Весьма вероятно, что результативность Итона сейчас выше, чем в 1980-е, когда на каждого ведущего банкира или посла приходились один-два выпускника, чьи карьеры не привели к высоким доходам (если им вообще удалось сделать карьеру) — многие в итоге выращивали марихуану или из рук вон плохо управляли небольшой усадьбой. Ни один отец итонца восьмидесятых не признался бы в низменных мыслях о том, окупится ли его инвестиция; в финансовые дела наших родителей мы вообще не были вовлечены. И это поменялось. Недавний стипендиат, выучившийся со скидкой в одну треть платы, рассказал, что его родители — оба были учителями в государственных школах — продали семейный дом, чтобы хватило на остальные две трети.
В Британии больше нет правящего класса, да и итонские мальчики слишком разнообразны, чтобы он из них сложился. Но покидают они школу принадлежащими к чему-то вроде на глазах складывающейся глобальной элиты. Их роднят между собой ум, целеустремленность, а также (во многих случаях) амбициозные семьи, высоко ставящие жизненный успех. Эти качества и привели их в Итон, и включались снова и снова для того, чтобы Итон дал им как можно больше. Родители находятся в непрестанном (и накладном) поиске всевозможных мелких преимуществ, открывающих путь к немалому преимуществу итонского образования — будь то летняя стажировка в юридических фирмах в Сити, репетиторство через скайп перед экзаменом по географии или курсы танцев перед Каледонским балом. Грандиозное родительское начинание современной элиты — ничего не оставлять на волю случая.
Есть, конечно, естественные противоречия между ролью школы в этом смелом предприятии и ее стремлением стать двигателем социальной мобильности; с тем же самым сталкиваются американские университеты «Лиги плюща», чьей системе приема Итон подражает. Среди итонцев встречаются бедные, есть лишь скромно обеспеченные, но большинство составляют очень богатые по мировым меркам люди. Одно из последствий трансформации: Итон теперь гарантирует, что дети богатейших останутся среди богатейших.
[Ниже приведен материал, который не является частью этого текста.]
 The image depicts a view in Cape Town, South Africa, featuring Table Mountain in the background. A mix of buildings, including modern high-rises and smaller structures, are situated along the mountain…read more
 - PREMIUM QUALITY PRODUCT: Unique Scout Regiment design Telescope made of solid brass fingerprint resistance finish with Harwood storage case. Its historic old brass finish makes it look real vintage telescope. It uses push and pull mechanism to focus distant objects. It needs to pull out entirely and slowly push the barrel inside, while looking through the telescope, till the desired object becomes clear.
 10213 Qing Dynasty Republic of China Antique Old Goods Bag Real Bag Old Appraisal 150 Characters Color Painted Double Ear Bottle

При всех исходных преимуществах задача, стоявшая перед Итоном на рубеже тысячелетий, была не из простых. Нужно было закрепить свою позицию на вершине британской жизни, одновременно проводя спорные и сложные реформы. Эти реформы были необходимы, их провели умело, но у перемен была своя незримая цена. Недавно вышедший на пенсию преподаватель посетовал, что учить стало скучнее, так как мальчики постоянно призывают не отступать от программы: «а это нам на экзамене понадобится, сэр?»
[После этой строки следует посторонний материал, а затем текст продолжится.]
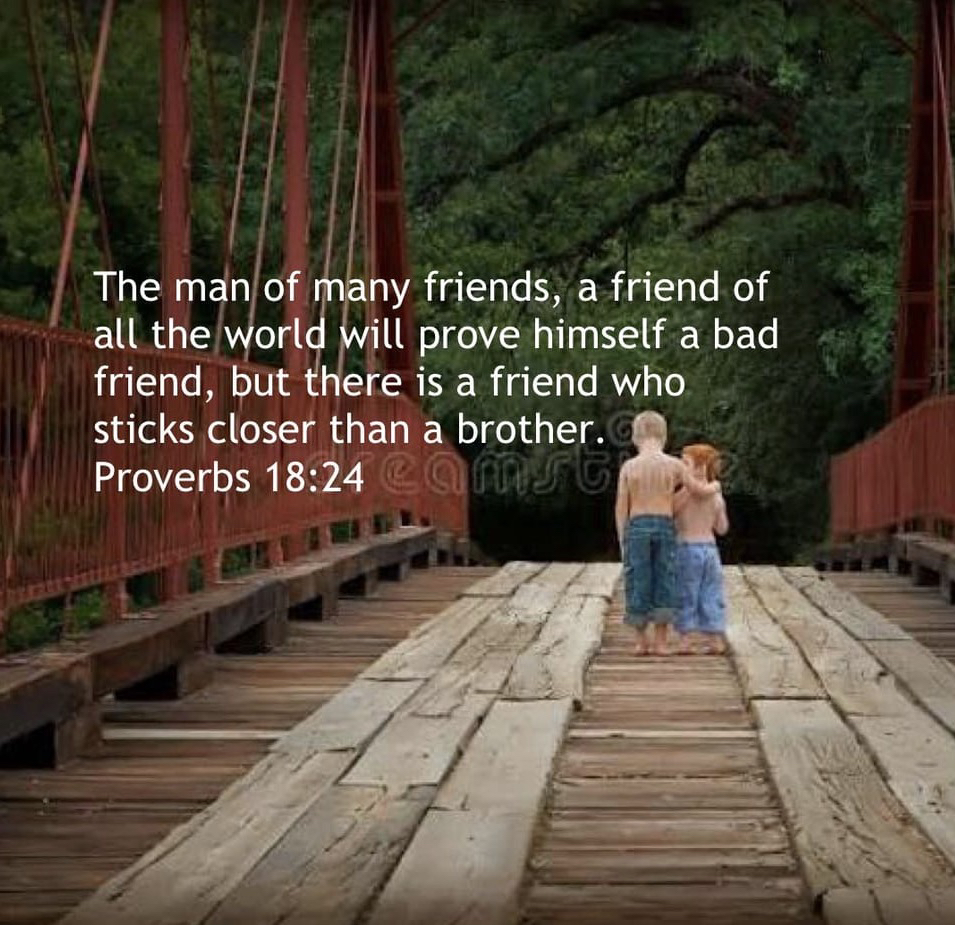 Proverbs 18:24 A friend… in the colorful language of the Hebrew people, means relationship. It can be the bond between husband and wife, people who enjoy each other‘s company, or our relationship with God. In scripture, Abraham was considered a friend of God. Within that bond of friendship, trust is born, confidence is established, and we come to know what it means to be selfless, beginning to understand how someone could lay down their life down for a friend. With godly wisdom, Solomon describes three types of people, someone of many friends… Perhaps in order to have that many friends we have to be someone everybody likes, not ruffling anyone’s feathers, causing no waves, no friction. Solomon indicates this is a bad friend… could it be because we don’t get close enough to say and do hard things? There are friends by blood, brothers, that close family relationship where we most often come to know unconditional love. Then, tucked in between the lines, Solomon brings us to a friend who’s even closer than a brother. Two hearts knit together. It doesn’t say they agree on everything, it doesn’t give a required percentage of shared interests, only that they’re drawn together and experience a closeness unlike any other relationship. Friendship is a matter of the heart. Does God draw people together, perhaps an unlikely match providing opportunity to learn from each other and to grow, as ‘iron sharpens iron’? Lord, you have blessed us with Fellowship, relationship… Friends. Help us to be good friends.
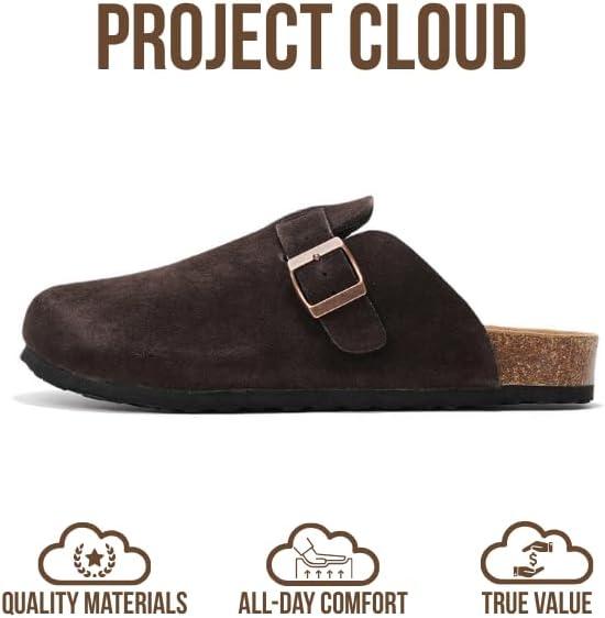 imageProject Cloud Mens Clogs  100 Full Grain Genuine Leather Memory Foam Clogs for Men Arch Support Cork Footbed  Non Slip Platform Mules BrooklynChocolate Suede

Когда-то у Итона была сильная боковая линия из бунтарей и чудаков. Мои годы там обогатило общение с поистине необыкновенными персонажами — и среди учащихся, и среди учителей, — и это привило мне терпимость к человеческим причудам и стало жизненно необходимым противовесом к иерархиям и правилам. По мере того, как школа стала придавать все большую важность результатам и оценкам, все сильнее стремилась максимально использовать свои возможности, эксцентричность неизбежным образом изживалась.
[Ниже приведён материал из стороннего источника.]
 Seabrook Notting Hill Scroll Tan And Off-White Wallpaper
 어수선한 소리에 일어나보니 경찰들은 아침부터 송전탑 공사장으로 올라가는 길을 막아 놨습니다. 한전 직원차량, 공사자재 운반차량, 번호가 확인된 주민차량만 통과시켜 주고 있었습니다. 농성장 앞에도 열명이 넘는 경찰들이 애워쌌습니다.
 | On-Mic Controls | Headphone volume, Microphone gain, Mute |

Ценность таких людей едва ли выразишь цифрами; об их успехах говорят не результаты экзаменов, а смутный дух непочтительности и скептицизма. Один мальчик из моего корпуса, Уильям Синклер, славился на всю школу как блестящий сатирик и возмутитель спокойствия; его издевательство над авторитетами и презрение к традиционным мальчишеским иерархиям пробивали претенциозность и самоуверенность, в которые Итон легко впадает. Одна из самых невинных выходок Уильяма: подложить живого цыпленка в ванну нашему старшему воспитателю.
В последние годы учебы моим наставником был Майкл Кидсон, плечистый историк, терроризировавший нас своим волнительно-красивым, уверенным английским, кидавшийся тряпкой в тех, кто грешил против грамматики и синтаксиса — и отстаивавший право своего озабоченного спаниеля утешаться об наши ляжки. («Ничего нет такого в том, что молодому человеку хочется подрочить!») Более всего Кидсон был лоялен и яростно сражался за тех, кто наживал себе неприятности; его стараниями несколько мальчиков избежали исключения. Во всех смыслах трудно себе представить, чтобы в нынешнем Итоне были бы рады что Синклеру, что Кидсону, но тогда они считались любимцами всей школы, а мое знакомство с ними кажется мне ничуть не менее важным, чем стажировка в Сити.
Итон — не единственное заведение, которое после реформ и похорошело, и поскучнело; мало в какой семье нынешнего ученика станут сокрушаться об исчезнувших эксцентриках, если сын доберется до Оксфорда или Кембриджа. Из ритуала посвящения для почившей ныне верхушки Итон превратился в коалицию разнообразных людей с амбициозными планами — но совсем не исключено, что для них это чужие планы. Пусть Итон и не стал окончательно либеральным, преображающим общество, как мечтали реформисты, но теперь он, без сомнения, гораздо разборчивее в том, кому дает путевку в жизнь — одну из лучших, что можно получить за деньги, за ум или за амбиции.